Saint Lucia Jazz has become one of the major events in Saint Lucia’s and surely a most anticipated event on the Caribbean’s calendar. During the month of May, the island dances when Jazz fills the air and tourism takes on a whole new meaning to all. What started as simply a marketing event to boost tourist arrivals during a low period has developed into a truly International Festival. As the month of May approaches each year, Saint Lucia Jazz draws attention to the island as the world waits in eager anticipation for the announcement of the usual star studded line-up. The entertainment is a mix of straight up Jazz, R&B, French and Latin music, reggae and Caribbean music.

St. Lucia Carnival

Carnival in St. Lucia is full of intoxicating fun filled events that celebrate the rich Creole heritage on the island. Carnival is a joyous season traditionally held immediately before Lent. Carnival is primarily celebrated in Roman Catholic communities. Traditionally, Carnival events are held during February. A distinct characteristic of Carnival celebrations are the vibrant St. Lucia Carnival costumes and masquerade masks. Ten years ago, St. Lucia Carnival dates were changed so that it would not compete with other Caribbean Carnival events. St. Lucia Carnival stands out because it features various art forms including theater, music, dance, and song.

The season begins months in advance, with competitors performing nightly for audiences eager to hear the latest offerings.   All of the action explodes into a kaleidoscope of colour and sound on Carnival Tuesday, when the costumed bands take to the streets for a day of complete and unadulterated fun.

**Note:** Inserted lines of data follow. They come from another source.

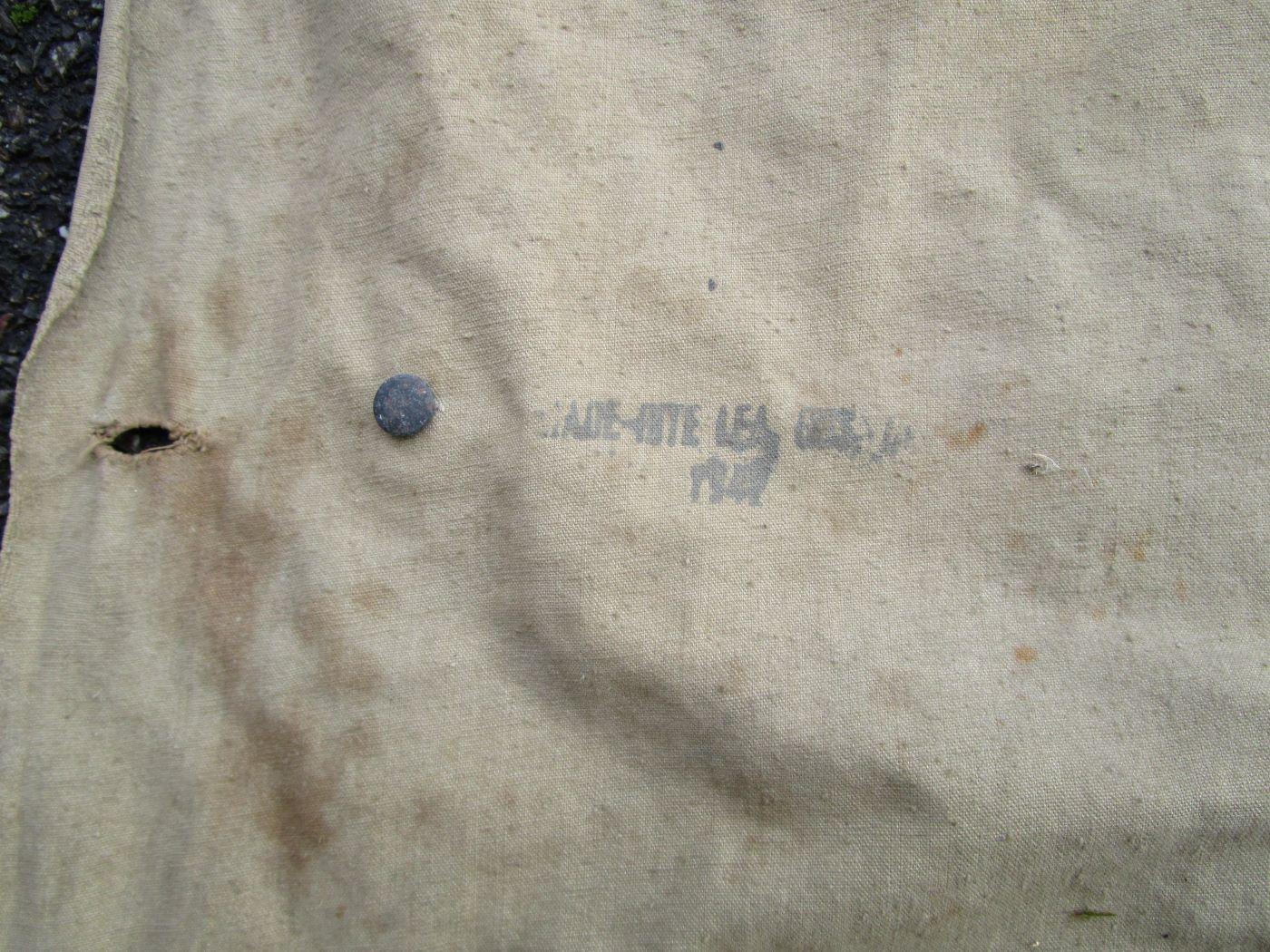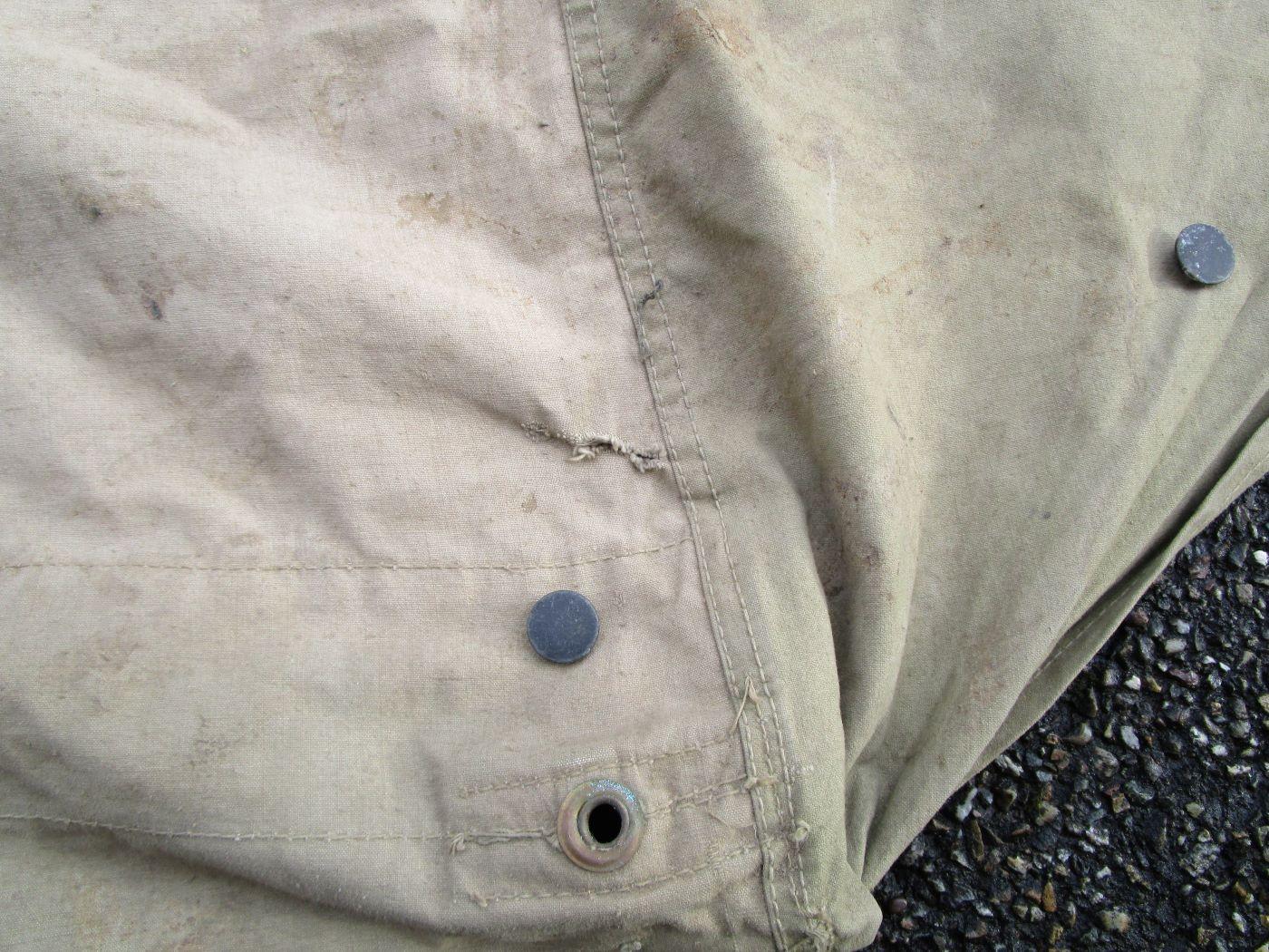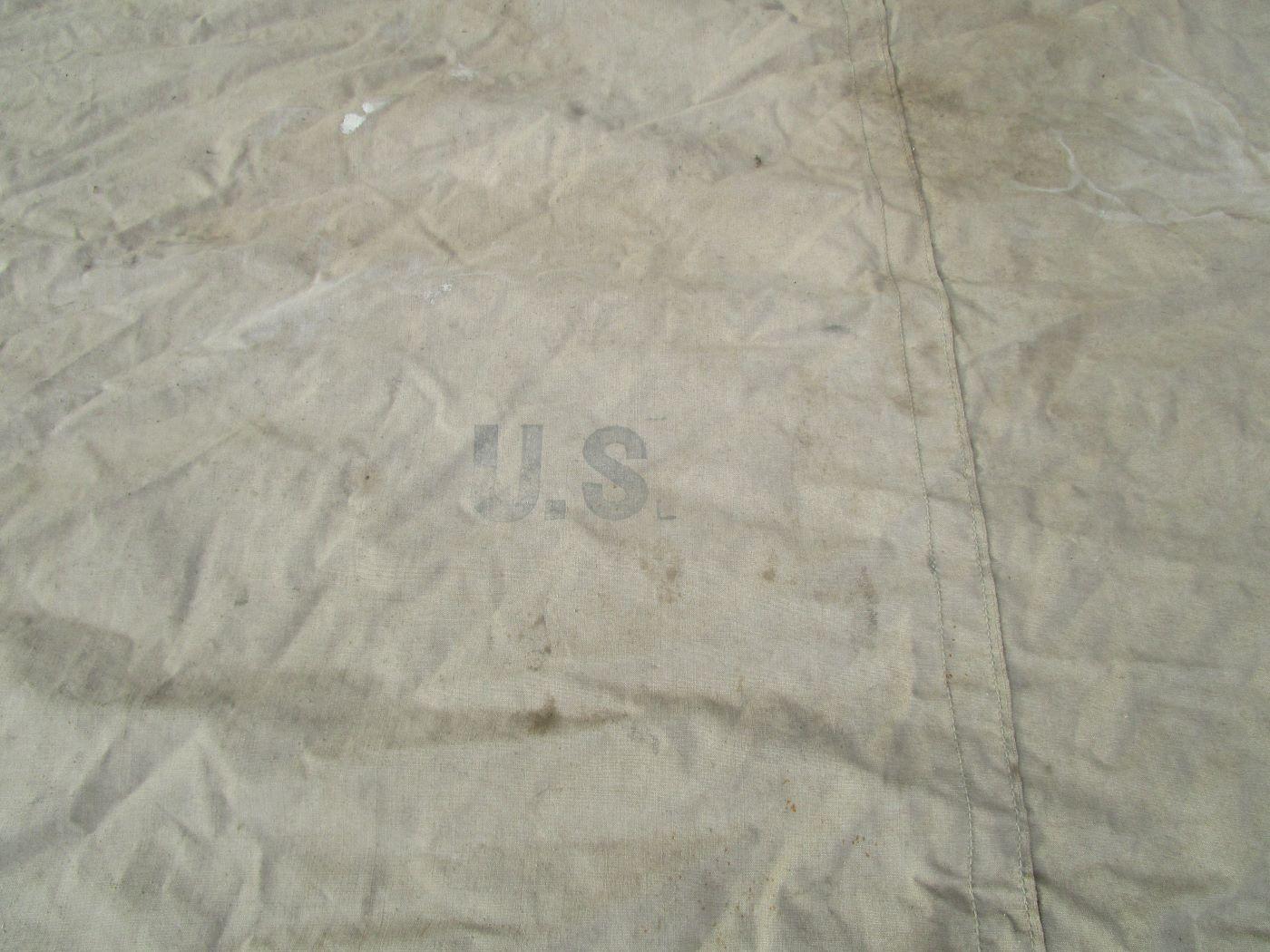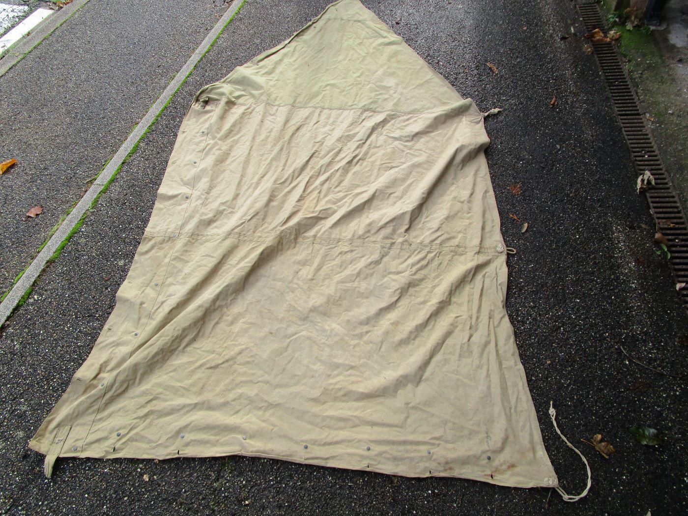 Toile de tente sortie de grenier. Datée 1942, bien marquée US + fabricant et date. Deux petits accrocs (photos sur demande). Tous les boutons sont présents. Prévoir 17.40 euros en colissimo ou 8 euros par mondial relay.
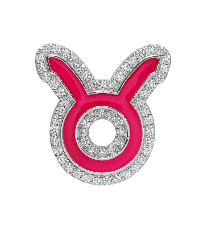 Design: Taurus zodiac symbol in pavé diamonds with enamel detailing
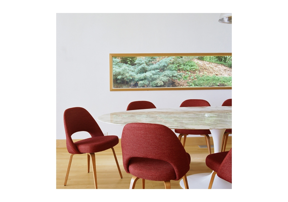 Saarinen, conçu par Eero Saarinen pour Knoll, est un fauteuil de direction avec pieds en acier chromé poli, peint en noir ou en bois dans différentes finitions. Revêtement en tissu ou cuir.
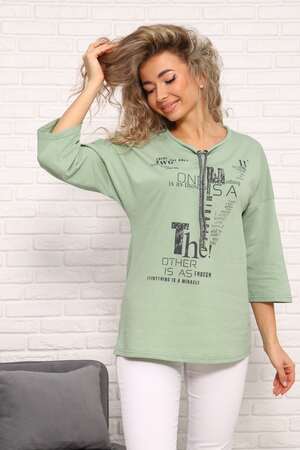 Туника женская свободного кроя со шнурком на горловине и печатью на передней полочке.
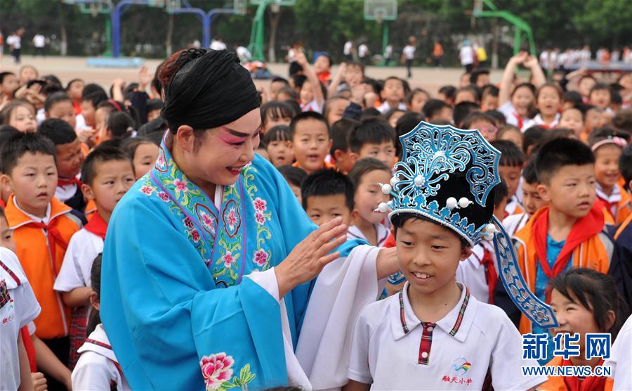 5月8日,滄州市小鳳霞評劇團演員在肅寧縣第三實驗小學與學生互動。

In 2012 the Carnival runs from May to July with the Parade of the Bands on Tuesday July 17 in the capital of Castries.  St Lucia's Carnival is the most extravagant event on the island. Every year people throng and block the streets of Castries in colourful costumes to parade to the latest soca and calypso hits.  The island's premier performers pit their lyrical and musical abilities in an attempt to win the coveted Calypso Monarch title.   There is also a beauty queen competition, a steel band competition and a King and Queen of the Band competition.

St. Lucia Mango Madness Festival

Experience the Mango Madness Festival that will take place from June 15th to 18th at the Jade Mountain resort. The festival will showcase the various flavors, textures and varieties of mangos grown in St. Lucia. There are several activities which are centered around the mango fruit with the highlight being the “Night of 1000 Mangos” dinner.